Описание морового поветрия.

 
   Однажды, в конце июля, ранним утром к Ушакову прибежал адмиралтейский вестовой. Вице-адмирал Клокачев звал всех старших командиров на срочное совещание.
   «Что там стряслось?» — раздумывал Ушаков, направляясь в адмиралтейство.
   Первый, кого Федор Федорович увидал, входя в кабинет адмирала, был Войнович. Выпучив свои черные глаза, он важно восседал в кресле у самого адмиральского стола.
   Федор Федорович сел к Голенкину, который выбрал место в сторонке, у окна.
   — Что же это ты, Федор Федорович, и глаз не кажешь?
   — Заработался, брат! — виновато улыбнулся Ушаков.
   Работы у него в самом деле было достаточно. Но ему казалось, что все в Херсоне знают о том, что он встречается с Любушкой, знают, что она бывает у него. Правда, Любушка никогда не шла к Ушакову мимо казарм, а обходила их со стороны степи.
   В кабинет вошел Клокачев. Он был чем-то, видимо, расстроен.
   Все разговоры смолкли.
   — Нашей верфи и нашему строящемуся флоту угрожает страшная опасность. Вчера в Херсоне появилась чума, — выпалил Клокачев и остановился.
   — Всё же не ушли!
   — Докатилась-таки и до нас! — послышались замечания.
   — Это горше самого лютого и грозного врага. Во сто крат хуже всяких турок и их европейских покровителей. Морской флот строится на двух верфях: в Херсоне и Таганроге. В Таганроге убереглись, хотя он и ближе к Тамани, где прошлым летом объявилось это моровое поветрие. Надо и нам приложить все усилия, чтобы не дать распространиться заразе. Надо спасти Черноморский флот!

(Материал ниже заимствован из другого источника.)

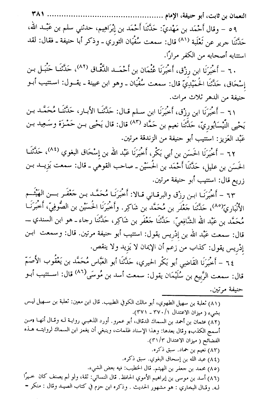 59- وقال أحمد بن مهديّ: حدّثنا أحمد بن إبراهيم، حدثني سلم بن عبد الله، حَدَّثَنَا جرير عن ثعلبة [1] قال: سمعت سفيان الثوري- وذكر أبا حنيفة- فقال: لقد استتابه أصحابه من الكفر مرارا.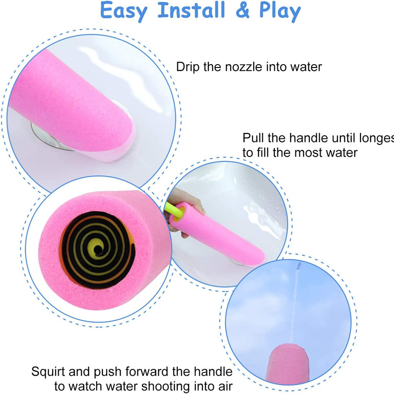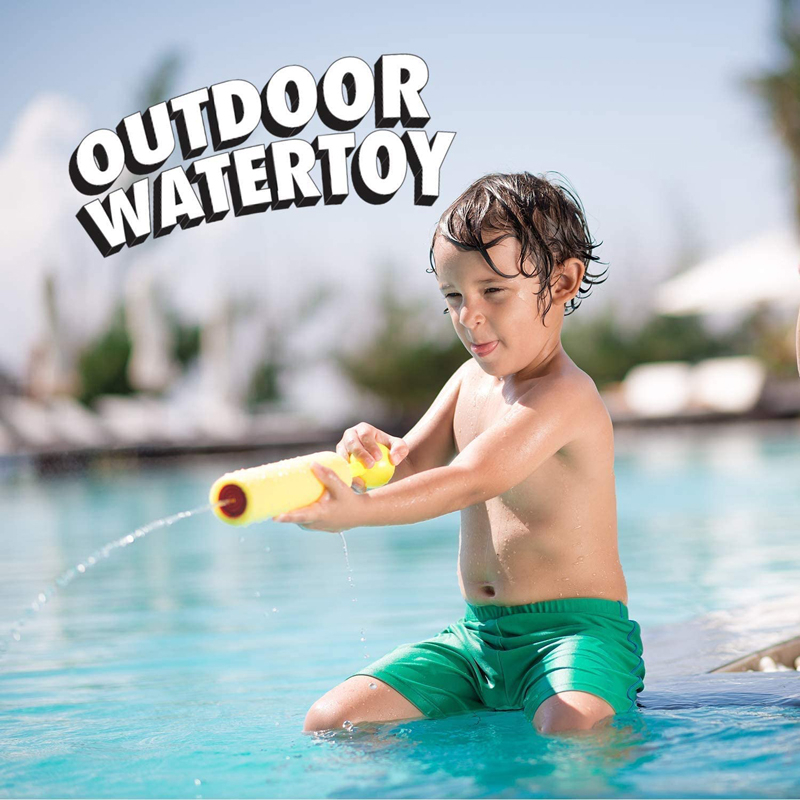 1.EASY TO REFILL WATER GUN SOAKER: These foam water guns could be used in any place. Pull back the handle to load the cannon with water, take aim, and force the handle forward to blast water at your opponent or target. Every water fight is child's play and your opponents have to be careful. Drench your friends 6-8 m away with the cool water pistol.

   Клокачев говорил и все время подносил к носу головку чесноку — нюхал.
   — Что делали в Таганроге, ваше превосходительство?
   — Как убереглись они? — посыпались вопросы.
   — А вот как. Капитан над Таганрогским портом генерал-майор Косливцев осматривал всех подозрительных «купцов»[31], устроил карантин. Нам также немедля учредить во всех кораблях и командах карантины, выставить караул. Перед работой и после работы самим лично осматривать команду.
   — А как узнаешь, что человек заболел чумой? — спросил, кто-то.
   — Черные чирьи пойдут по телу. Как уголь.
   — И синие пятна, морушки[32], — откликнулись те, кто слыхал о недавней московской чуме.
   — Горячка! Человек лежит без памяти.
   — И вовсе не так. У меня в Москве зять помер. При полной памяти. Перед смертью все соленых грибков просил…
   Клокачев постучал рукой по столу:
   — Тише, господа! Слушайте дальше. Во всех кораблях и командах немедля зажечь костер из кизяка. Жечь круглые сутки. Помните: при чуме, как у нас на море, главное — ветер. Ведь не зря и называется «моровое поветрие». Если команда идет на работу и встретит незнакомого человека, то смотреть, чтобы он не выиграл у тебя ветер. Ежели надо переговорить с ним, то становись так, чтобы вы оказались на ветре.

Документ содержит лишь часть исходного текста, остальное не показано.